But the “jewel in Edfu’s crown” are its “so-called Building texts which adorn whole walls in various sections of the existing Ptolemaic temple.”326 It is here that E.A.E. Reymond’s work enters the picture, for as Andrew Collins observes, “she was one of the few people who seemed to have grasped the profound nature of the Edfu texts and realized that they contained accounts of a strange world that existed in Egypt during what might be described as the primeval age.”327 While “the texts at Edfu are many and varied,” Collins observes that it is almost a certainty
that much of their contents was derived from several now lost works, with titles such as the Specification of the Mounds of the Early Primeval Age, accredited to the god Thoth, the Sacred Book of the Early Primeval Age of the Gods and one called Offering the Lotus. All of these extremely ancient works begin with the gradual emergence out of the Nun, the primeval waters, of a sacred island, synonymous with the primeval mound of Heliopolitan tradition. This event is said to have occurred during a time-frame spoken of by Reymond as the “first occasion” - her interpretation of the Egyptian expression sep tepi, or the First Time.328
As I noted in the first book of my Giza Death Star Trilogy, The Giza Death Star, physicist Paul LaViolette understands this primeval mound to refer to the a paleoancient and highly developed science of a transmutative aether or medium of creation. The “mound” being the first emergence from that sea of nothingness, the Nun or primeval waters, of a particle wave form.329
Around this primeval mound, which was known as “the Island of the Egg” was a “channel of water,” and on the edge of it was “a field of reeds” that constituted a kind of sacred domain where columns “referred to as djed-pillars” were erected for the domain’s “first divine inhabitants.”330 These were led by a group of “Sages” who were in turn led by “an enigmatic figure called... simply This One.”331 These Sages of “faceless forms were said to have been the seed of their own creation at the time when the rest of the world had not yet come into being.”332 Indeed, these Sages are said by the Edfu texts to have preceded the appearance of the standard Egyptian gods.333
This tranquil state of affairs does not continue for long, however, for
The Edfu account ... alludes to some kind of violent conflict which brought to a close the first period of creation. An enemy appears in the form of a serpent known as the Great Leaping One. It opposes the sacred domain’s divine inhabitants, who fight back with a weapon known only as the Sound Eye, which emerges from the island and creates further destruction on behalf of its protectors. No explanation of this curious symbol is given, although Reymond felt it to be the centre of the light that illumines the island. As a consequence of this mass devastation, the first inhabitants all die.... Death and decay are everywhere - a fact recorded in the alternative names now given to the Island of the Egg, which include the Island of Combat, the Island of Trampling, and, finally, the Island of Peace.334
These statements positively compel and require commentary.

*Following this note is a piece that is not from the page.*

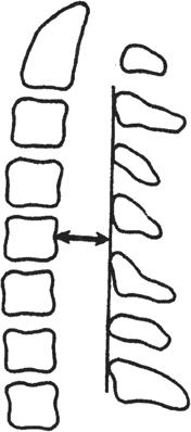 图1-20 椎骨脱位椎管矢径测量 于荣溥(1977)根据X线片测量,发现颈椎椎管矢径以C1~C2最大,二者个体差异可达1~5mm,而其他相邻椎孔矢径相差不过2mm。C3~C7椎管矢径,男性平均为16~17mm,女性为15~16mm;男性正常矢径最小为13mm,女性为12mm。 郭世绂对104例颈椎椎孔测量,椎孔矢径C1为17.9mm,C2为16.2mm,C3为13.0mm,C4为12.7mm,C5为12.8mm,C6为12.8mm,C7为13.1mm。椎孔横径C1为27.4mm,C2为21.6mm,C3为21.8mm,C4为22.7mm,C5为23.5mm,C6为23.8mm,C7为22.7mm。可以看出,C3~C6椎管矢径大致相同,C2~C4椎管横径大致相同。 郭世绂等(1988)对颈椎病不同类型X线片测量,发现脊髓型颈椎病患者的C2~C7椎管矢、横径均小于其他类型,也小于所有类型均值。各型各个节段的中矢径(椎体后面中点至椎板连合皮质线中点)均大于下矢径(椎体后下缘至相邻椎骨椎板连线最凸点连线的水平距离),C5下矢径在所有类型中最小。C3~C7椎管中矢径/椎体中矢径的均值为0.78,而椎管下矢径/椎体中矢径的均值为0.71。椎管下矢径与椎体中矢径虽不在同一平面,但因椎管下矢径和椎体后上、下缘连线中点至相应椎板前皮质线的水平距离相等,均为最小值,椎管下矢径/椎体中矢径的比值更能确切反映椎管矢径的大小。颈椎病患者损伤后,有时X线片上虽无明显骨折脱位,但固有潜在的颈椎管狭窄,可致严重脊髓损伤。 二、胸段椎管 胸段椎管大致呈圆形,T1椎孔横径(椎弓根间距)与C7相似,至T2~T3开始减小,T4~T10较稳定,大致为15~16mm,至T11~T12又增大。 胸段椎管矢径X线测量的为18mm,相邻上下椎孔横径可是1~4mm,而T4~T10变化较小,其矢、横径相似。T12横径较T11可大于l~4mm。 三、腰段椎管 L1~L2椎孔多呈卵圆形,L3~L4多呈三角形,L5多呈三叶形。 自L1~L2间隙以下包含马尾神经根及脊髓被膜,两侧各神经根自硬膜囊发出后在椎管内的一段称为神经根管,即侧椎管,各神经根分别经相应椎间孔(管)穿出。 (-)中央椎管 在腰椎侧位X线片上,腰椎椎管的正中矢径为自椎体后面中点至棘突基底距离,L1~L3棘突基底位于上、下关节突尖部的连线上。腰椎椎管X线测量矢径平均为17mm(14~20mm),最低值为13~15mm,男女性差别不大。横径(椎弓根间径)为两侧椎弓根内面连线,平均为24mm(19~29mm),正常最低值为18~20mm,在L2~L4最窄。男性椎管横径平均值较女性大1.1mm。 一般将腰椎椎管矢径小于13mm,横径小于18mm,定为椎管狭窄;如矢径为10~12mm,定为相对狭窄;如小于10mm则为绝对狭窄。L5椎孔横径虽明显增大,但其矢径甚至比L1~L2还小。各椎孔矢径中,以L3~L4最小。 郭世绂(1987)对腰椎椎管容量进行测定:L1为8.8ml,L2为8.5ml,L3为7.5ml,L4为6.7ml,L5为6.2ml,腰椎椎管总容量为37.4ml。自L1向下,各腰椎椎管容量顺序减少。 由于个人身材的差异,计算脊椎指数,即椎管矢径(C)及横径(D)的乘积与相应椎体矢径(A)及横径(B)的乘积的比例(CD∶AB),较单纯测量椎管矢径及横径更具有意义,正常CD∶AB应为1∶2.5~4。郭世绂(1984)测量数值显示女性脊椎指数均小于男性,L3、L4较大。如脊椎指数超过1∶4.5,即应疑有椎管狭窄;如连续两个椎骨比值均大于1∶4.5,临床意义更大。 L3~L4最易发生椎管狭窄。解剖因素为椎管矢径小,矢径与横径之比为0.67∶1~0.69∶1,虽大于L5,但小于L1~L2。脊椎指数最大,椎弓板较厚。 (二)腰神经通道 腰神经根自硬膜囊离开,直至从椎间管外口穿出,经过一条较窄的骨纤维性管道,统称为腰神经根通道。此通道分为两段,第一段为神经根管,从硬膜囊穿出点至椎间管内口,第二段为椎间管。 腰神经根离开硬膜囊后,前、后根或共居一鞘,或各居于固有的根鞘内。神经根管内宽外窄,前后略扁,如同外小口的漏斗(图1-21)。神经根斜向下外,自L1~L5斜度逐渐增加。神经根管虽然不长,有几个部位比较狭窄,可使神经根遭受卡压。

Firstly, it is to be noted that sometime after their “self-creation” from the “primeval waters,” an expression of speech that I believe refers to La Violette’s underlying transmutative medium, a cosmic and cosmically violent conflict, a war, erupts. Moreover, the similarity here to Tiamat, whose name lik
ewise symbolizes not only a planet, but primeval waters in the Babylonian Enuma Elish, is not to be overlooked. In other words, the Edfu text may be obliquely referring to the destruction of Tiamat-Krypton, Van Flandern’s first exploded planetary event, that took place ca. 65,000,000 years ago. But there is another possible parallel to be noted, and this is the similarity of the Edfu account of a primordial war or conflict that occurs almost immediately after the founding of the “island” or first creation, to that of the Fall of Lucifer in the Judeo-Christian tradition. More will be said on this subject in a later chapter, but it is important to draw attention to it here.

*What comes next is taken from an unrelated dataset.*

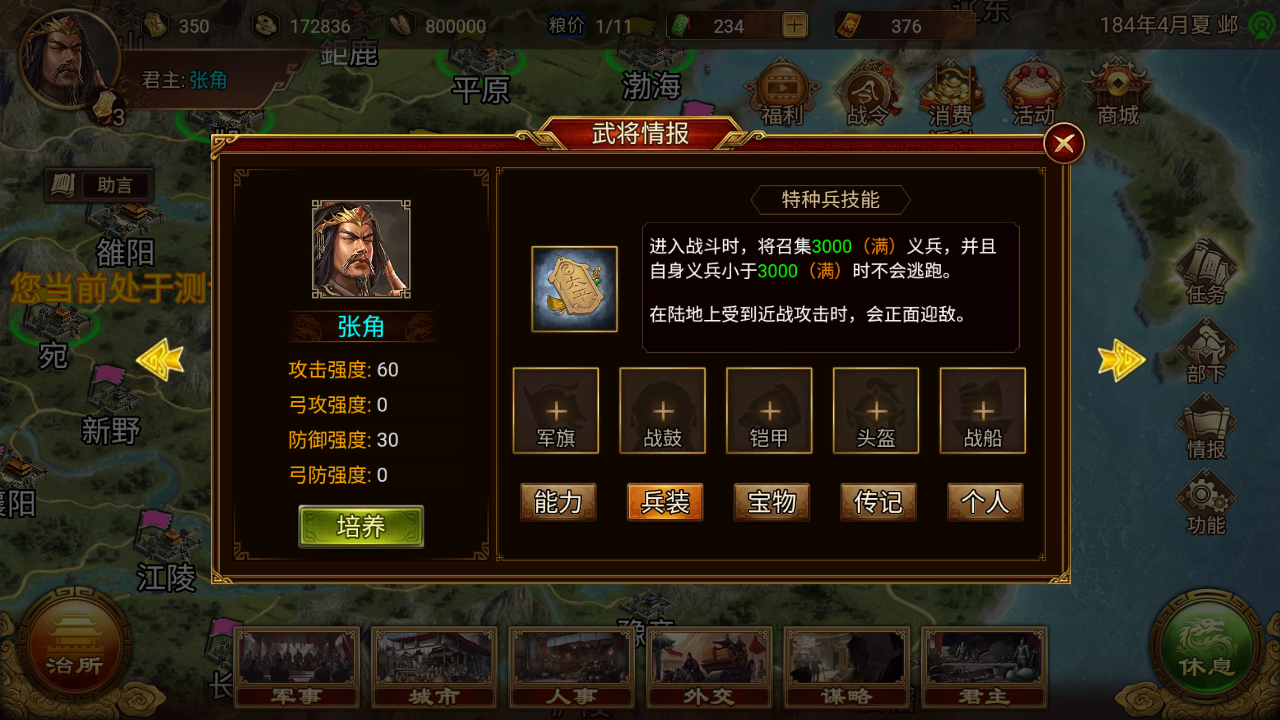 黄巾军在历史上有着“一呼百应”的号召力,在游戏中更是将义兵特色发挥到了极致:

Secondly, the individual that appears to have wrought this destruction is referred to as “the Great Leaping One,” a title we have encountered before as a Vedic reference. This title seems to beg for association with the priests of Sali in ancient Rome, who celebrated the feasts associated with Mars and the founding of Rome by leaping in the streets and blowing trumpets.335 In other words, the Edfu texts are obliquely indicating that this ancient war, the end of the period of the “First Creation,” somehow involved Mars. There are numerous connections to Mars to be considered, and it is best to do so now.
1. Edfu and the Mars Connections
As mentioned above, when the primeval “island” or “mound” emerged, it “seems to have been in darkness, surrounded by the primeval water.”336 Before continuing, a connection to the Babylonian epic, the Enuma Elish should be noted, for the destruction of the planet Tiamat by Marduk may also be interpreted as the destruction of the primeval waters, since the name “Tiamat” signifies precisely those waters. Thus, the Edfu accounts, by referring to a similar primordial conflict that results in the destruction of the first “mound” is describing a similar, if not the very same, event. But in any case, once this primordial mound is brought forth, the Edfu texts relate that it was attended upon by two deities, named Wa and Aa.337 And here another connection to Mesopotamia may be in evidence, for as is well known, another name for the Sumerian god Enki is Ea, who is of course Enlil’s opposite number. This suggests that perhaps the god Wa is but the Edfu texts’ name for Enlil.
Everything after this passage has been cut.